Before Mr. Osborn announced his campaign late last year, his only leadership role had been leading his union on strike at an Omaha Kellogg’s cereal plant in 2021. With little money and almost no name recognition, the mechanic crisscrossed Nebraska, leaning on union workers far from the Democratic pockets of Omaha and Lincoln while rejecting the endorsement of the Nebraska Democratic Party.
He tried to prove his independence with a pro-gun, tough-on-the-border message, but he also favored abortion rights and new rules to make it easier for unions to organize.
Mainly, though, his biggest calling card was his genuine working-class identity and a penchant for listening.
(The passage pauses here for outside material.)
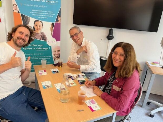 Après avoir découvert l’impact de la transition écologique sur l’évolution des secteurs d’activité et des métiers, les participants sont invités à participer à un jeu de rôle : ils doivent accompagner en binôme un personnage fictif (demandeur d’emploi ou salarié en reconversion) dans sa transition vers un emploi choisi, sain pour lui et pour la planète, sur le modèle d’accompagnement des chercheurs d’emploi mis en œuvre par l’association Solidarités nouvelles face au chômage (SNC).

It wasn’t a particularly substantive campaign — he still struggles to articulate the policies that distinguished him from Republicans and Democrats — but it was one that avoided the impression that many Democrats leave, that in appealing to working-class voters, they talk down to them.
“I’m not a huge political person,” Mr. Osborn allowed. “I’m not certain how many people ran similar to me, numbers-wise. I can just tell you I spoke to people like a person. And that was the secret to my almost success.”
He added, “I had 180 publicly advertised events; a lot of those people in the events were just like me, people who live paycheck to paycheck, working for a living.”
“And whether it was a group of five or a group of 80, we would sit down, focus on issues and try to resolve things,” he said.
The most resonant issues, he said, revolved around the yawning wealth gap between the billionaire classes on the coasts and virtually everyone else in the middle. Advocacy, he said, should not be built around forcing everyone to share but creating “an equal playing field” where “mom-and-pop shops” are able to compete with prices of chain stores like the Dollar Generals commonplace in Nebraska’s small towns.
For much of this year, Ms. Fischer and the Republican campaign apparatus in Washington largely ignored Mr. Osborn, but last month, as polling showed a tight race, Republican super PACs and operatives swept in to rescue Ms. Fischer. A blitz of advertising portrayed Mr. Osborn as “a Democrat in disguise.” The race also turned personal, with attacks on his family.
Mr. Osborn, a political neophyte, remains angry and hurt by the way the campaign closed.
“I’ve been in a hole, licking my wounds,” he said, before adding that he can’t afford to take any more time off.
“I’m going back to work tomorrow as a steamfitter because I tried to call all my bill collectors,” he said, and they didn’t care “that I ran a close Senate race. They want their money, they want their mortgage, they want their car payments, their insurance, their electrical bills.”
Even now, with the campaign over, he insists he is an independent, although he has supported Democrats in the past. But he said his super PAC’s recruitment of genuinely working-class candidates will be nonpartisan. He does not care what party they want to run with, as long as they truly come from the working class.
“If I have to go around the country on my weekends to help other working-class people get a seat at their table,” he said, “whether that’s state legislatures or county boards, however that looks, that’s how I want to help.”